Focus Up, Do More, and Stress Less
The Strategies of Effective Task Management
Productivity relies on more than sheer force of will. Powering through a mess of tasks at the expense of your sanity isn’t the same as efficiency. Even if you get a lot done, most people are left feeling unaccomplished or overwhelmed at the end of the day. Why? Because most things we agree to do are time-sucks and don’t actually contribute to our overall growth. We all do it: We all say yes to things that we don’t have time for, and overextend ourselves to breaking points in pursuit of finishing unimportant tasks in addition to our daily workload.
Then there are those who can’t even face their to-do lists and tend to blame distractions, or the lack of time in a day for why they can’t do as much. To them, it’s all a stressful, disorganized blur and making the to-do list isn’t enough to get motivated.
What’s really the problem in these two cases? If you had more time would you get more done? Or would you simply do more stuff without really furthering your goals? It’s hard not to get bogged down in daily minutia, and it can be daunting to try to get Every Single Thing done, but there are basic and manageable ways to combat these problems.

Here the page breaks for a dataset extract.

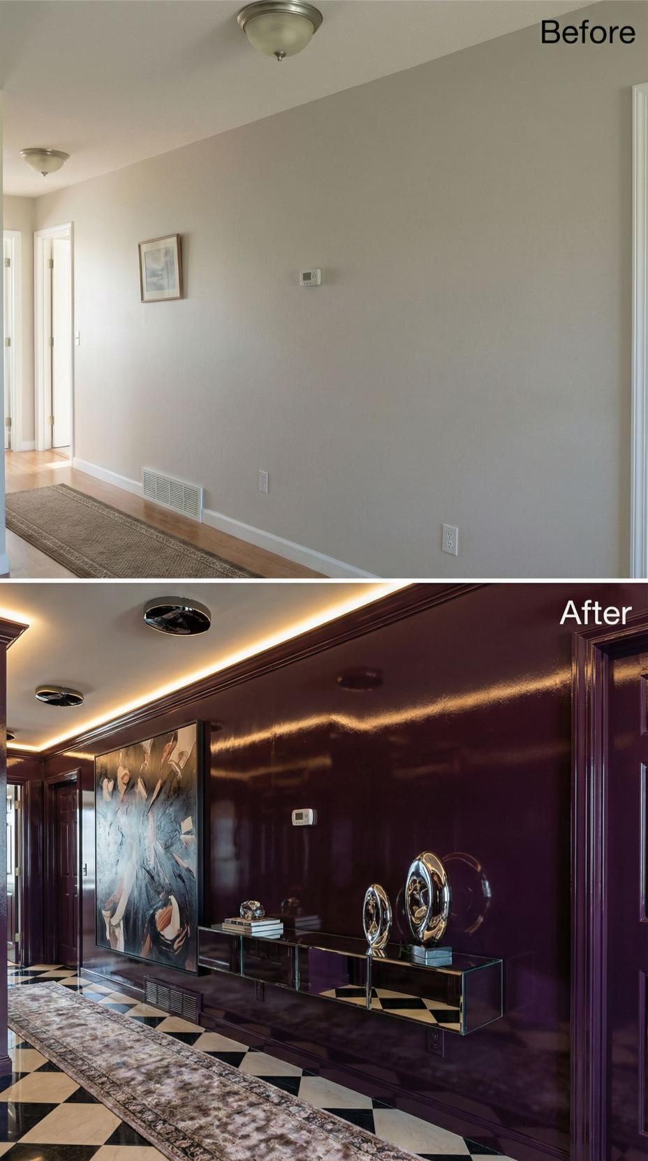 Rich burgundy walls and glossy black-and-white checkered flooring transform this once-bland builder grade hallway into a sophisticated gallery space. Crown molding and recessed lighting with warm LED strips create architectural interest, while a sleek glass console displays curated decorative objects. The dramatic color palette elevates the narrow corridor into an impressive transitional zone.

Here are ways to conquer stress and get more done in a day:
I can’t emphasize this enough: Creating focus is the most important step because it sets you up to succeed. Focusing on what is truly important and valuable to you will help you curate your list and goals. Skipping this step can lead to a person focusing on the wrong thing, or too many things at once, which will indeed keep you busy, but not in the way you want. Focus is all about priority, and staying productive comes from having clear goals — and a trustworthy way to maintain them.
Maintain your goals with a task management strategy
Your brain creates stress when you are (a) constantly reminded of things you need to get done in moments when you cannot do them — for example in bed at night — and (b) when you realize you cannot get something done that you were supposed to, and now need to figure out what to do about it — in essence, creating even more tasks for yourself. To overcome these two mechanisms for stress, you need to:
- Find a good place to write down every task you have to do now and in the near future. This step can be a brain dump of every task you can think of because the goal is to get it all out. This step gives your brain a break, allowing it to switch off “reminder mode.”
- Try to group your tasks into categories like family, work, etc, and prioritize them by determining what is more immediate and what is further out, keeping in mind that long term goals may need immediate day-to-day action, and that priority is about more than just due date. (You can make your list on paper or use a productivity app. I created an app called Completo that facilitates this kind of prioritized list building for you.)
- Now, review all the tasks that you’ve written down in your list. Think about what the top three to five important areas of your life are. Categorize your tasks in those terms and see which ones fall into the important categories and the ones that don’t. You’ll see that at least half of your tasks aren’t really that urgent. This will free you up to stay busy with what’s most important to you.
- Within this pared-down list, choose your top three tasks for the week and prioritize them over everything else. Say to yourself “these things get done no matter what comes up” and then whenever you have a moment be sure to spend some time progressing them forward.
Stay flexible but don’t lose sight of priorities
Be sure to execute this strategy daily and weekly, but know that there isn’t such a thing as a “perfect week” so don’t cram the week full of tasks before you even start. Leave some room to be dynamic and deal with the real world effect of surprises happening.
Note: Your brain isn’t wired to multi-task, so don’t worry about trying to do everything all at once, but at the same time try not to get caught up spending the whole day focusing on one thing. Work on one thing until you can’t progress further and then move to the next priority item. Most of my own tasks involve calling someone, emailing someone or doing some further research. While I’m waiting for the answers to come back from these communications, I keep moving through the rest my tasks while keeping my priorities in view.
Setting yourself up each day with your prioritized list will help you maintain focus throughout the day. This ensures that no matter what distractions or interruptions you face, your goals will be in place and your productivity will be more tangible as a result.